Why the ‘technology eats jobs’ argument is wrong

Alex PollakPress

Tech pic

Adrian Turner nailed it yesterday at the AFR Summit, saying that 40 per cent of Australia’s jobs will disappear in 10 years. “The fourth industrial revolution is under way and the winners will be so far ahead of the losers, Australia has no choice but to pivot to the new industries that will emerge.”

Turner, who is the chief executive of Data61, the big data unit of CSIRO, says we are thinking too narrowly about disruption. Going forward, it’s about Amazon competing with Woolworths, Apple into healthcare and Google into transport.

But this discussion about the coming loss of jobs because of technology (including in books such as Race Against the Machine, among others) is missing the big point: that in the long term, we are all the beneficiaries of the technologies, not its victims.

It’s true that many people will lose their livelihood in the coming shake-up. Look at London taxi drivers, who through absolutely no fault of their own (in fact they are very highly skilled) are in real trouble because of free mapping. Many are giving the game away.

It’s also true that there was massive social unrest with the invention and commercial introduction of the weaving mill, but the garment industry employs many more people today globally than it did in in 1761, when the cottage industry in textiles was first disrupted by technology. Same for cars relative to horses, and so on.

If technology really did destroy jobs, we would all have been unemployed for generations, as gross world product (the sum of the GDP of all the countries in the world) rose 62-fold from the US$1.7 trillion it was 100 years ago to the US$107 trillion it hit in 2014 (in purchasing power parity terms, according to the CIA World Factbook).

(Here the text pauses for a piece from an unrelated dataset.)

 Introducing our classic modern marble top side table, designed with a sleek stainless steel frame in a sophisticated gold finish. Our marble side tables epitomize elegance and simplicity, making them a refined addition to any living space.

Instead, what has happened is that as we became more 62 times more productive, mostly because of technology, we consumed more stuff, which kept ever more people in work (though not the same people, it is true, and not in the same work).

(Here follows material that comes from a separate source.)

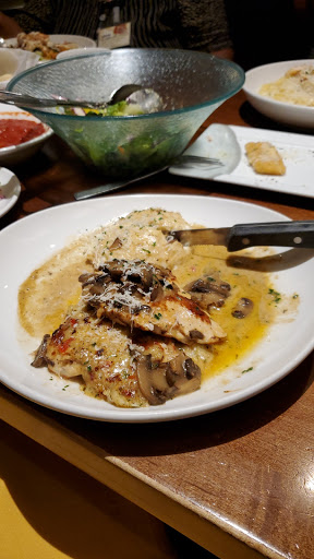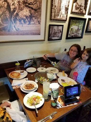 Our first time here and a VERY long time at an Olive Garden. We were excited to use our Gift Cards to do the all you can eat breadsticks, salad and soup for lunch! Food was great as always. We never saw the electronic touch screens at the tables before and the hostess seated us giving the menus and that was it. We were confused as to should we order off the touch screen or is someone coming? A server showed up he took our drink orders and came back for our food orders and refills when needed. At the end I asked for boxes to take home some bread sticks and what the kids didnt eat, he gave us a small black container that could barely fit the mac n cheese noodles so we wrapped up the breadsticks in a napkin. We walked past a table that didnt take their mints and realized we never got any, on our way out I asked that server if we can please have some mints before we go. Everytime we go out, we always tip 20% from the check regardless of service since a lot of times that is that servers or the whole teams paychecks for the week. Maybe next well try Red Lobster even though they are owned by the same company! ;)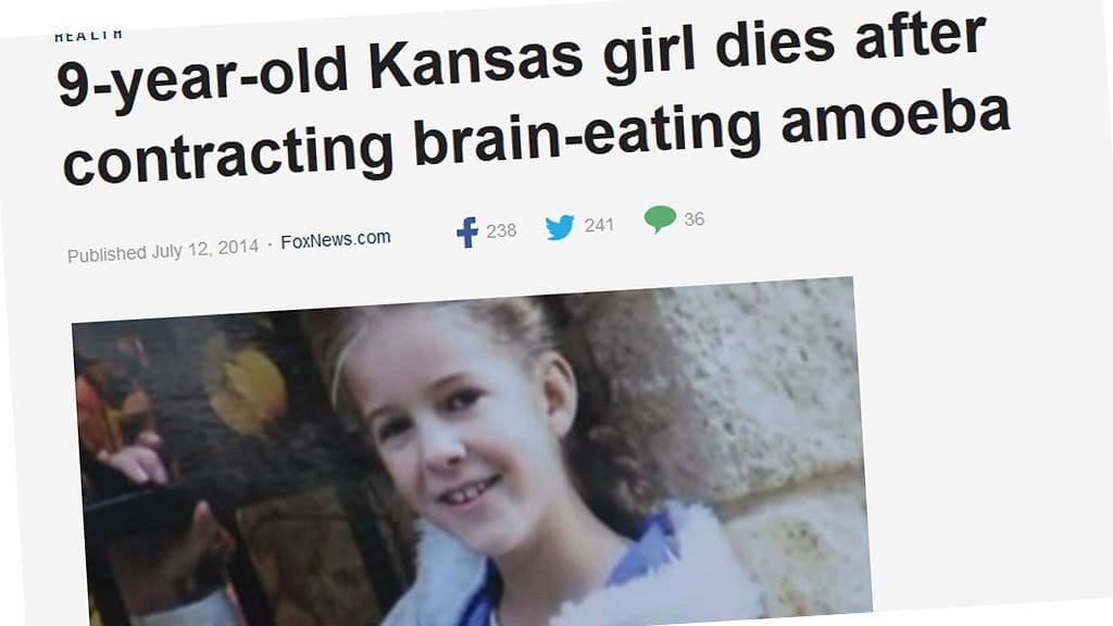 Tyttö kuoli tartunnan seurauksena tämän viikon keskiviikkona, kertoo Fox News. Naegleria fowleri -loinen tunnetaan ns. aivoja syövänä ameebana. Valtaosa tartunnoista johtaa kuolemaan.

This ‘technology destroys jobs’ argument seems to have its roots in the writings of Thomas Malthus, who in 1798 predicted that the world’s supply of food would run out since its production was growing arithmetically, while population was growing exponentially. It didn’t happen.

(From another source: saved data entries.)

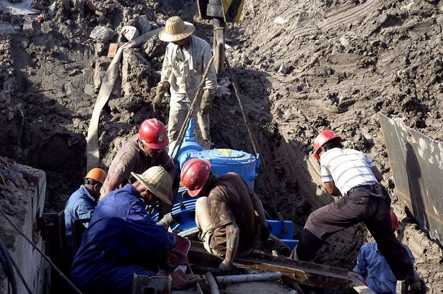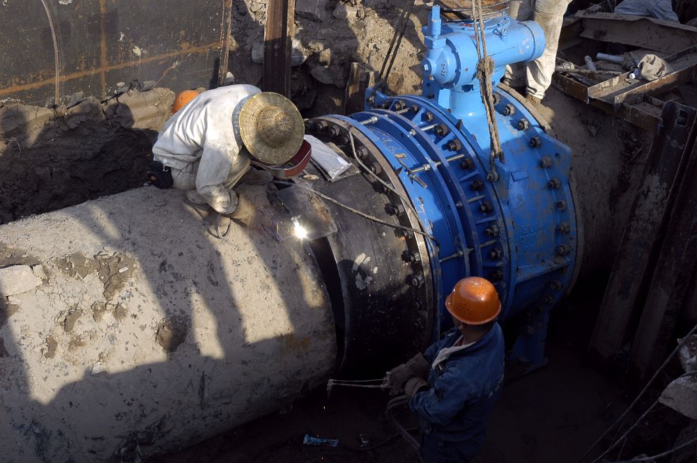 第三水廠1400毫米出廠水管線從茅口路第三水廠門口至解放東路,全長約1400米, 其中1400毫米球墨鑄鐵管1000米,鋼管400米,工程造價900萬元,全部由市自來水公司投資建設(shè),工程竣工后,將大大提高水廠向市區(qū)的輸水能力,進一步保障市區(qū)(特別是東部城區(qū))夏季高峰用水需求。圖為施工人員在對供水管線進行焊接。
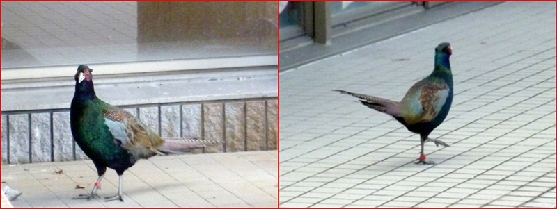 レイクウッド久山の地域交流センター近くで雉の雄2羽が歩いていました。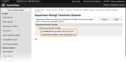 Bilgisayardan Yapılan İşler için Departman Kimliği Yönetimini Etkinleştirme). Ancak bu ayar için onay kutusu seçilmişse, kimlik ve PIN girilmeden de işler yürütülebilir. Doğru departman kimliği ve PIN girilmediği sürece hiçbir işin yürütülmemesi sağlayacak bir ayar yapılandırmak istiyorsanız, onay kutusunu temizleyin.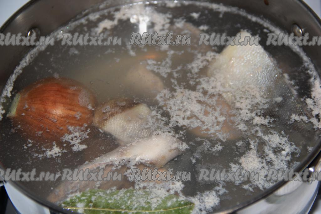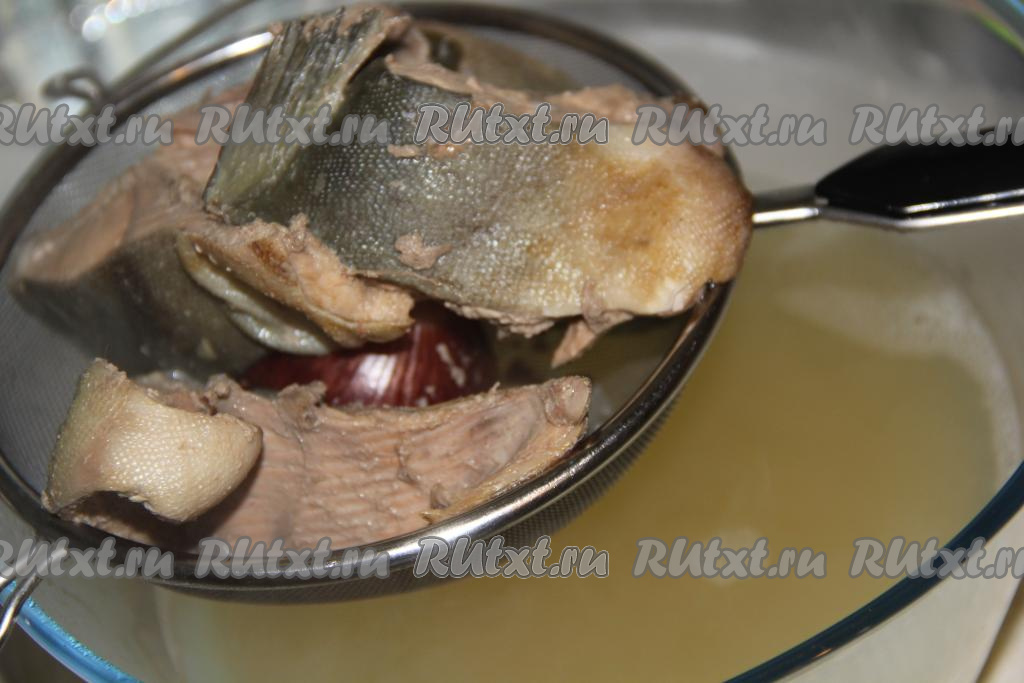 Затем процедить бульон. Варёный лук и лаврушку убрать (они нам больше не понадобятся). Рыбу слегка остудить.

But Turner lit up the argument again yesterday by saying that the interaction between computers and people would define the 21st century workforce, and that every industry will become data-driven. This may mean the loss of a lot of traditional jobs, but it also means the creation of a whole bunch of new ones. The world can’t get enough data scientists and social media experts, but it doesn’t need as many photo re-touchers.

Of course, jobs fear was already on the rise, fuelled in part by Donald Trump, but also Amazon which recently announced the roll-out of stores without cash registers (since your phone will sign you in and log your purchases). The company is also about to disrupt the call centre by building its own versions. Anyone who has used the Amazon model can’t help but marvel at the efficiency compared with those of, say, Telstra or Vodafone.

Meanwhile, the number of cashier-less checkouts at Big Grocery keeps falling and driver jobs are under threat as Uber and transport more broadly go driverless. Pressure is increasing on medical technicians as machine learning reads scans more quickly and accurately – even fund managers are under threat as algorithms parse every company statement and conference call for changes in outlook, and trade the shares to boot!

Trump’s argument is that he doesn’t want Americans disadvantaged. And some Americans will be disadvantaged – already have been – as jobs were exported to Asia – but in the long term GWP should rise and everyone, even those same Americans, will be better off. The critical question is how well it is re-distributed in the form of health care, education and the like. Memo – The Donald: This should be where the political focus should lie.

Its why we have built our product around the disruption thematic. As noted last week, it’s very difficult to invest with a view to the next thirty years if the core positions are built around fossil fuels and traditional carmakers.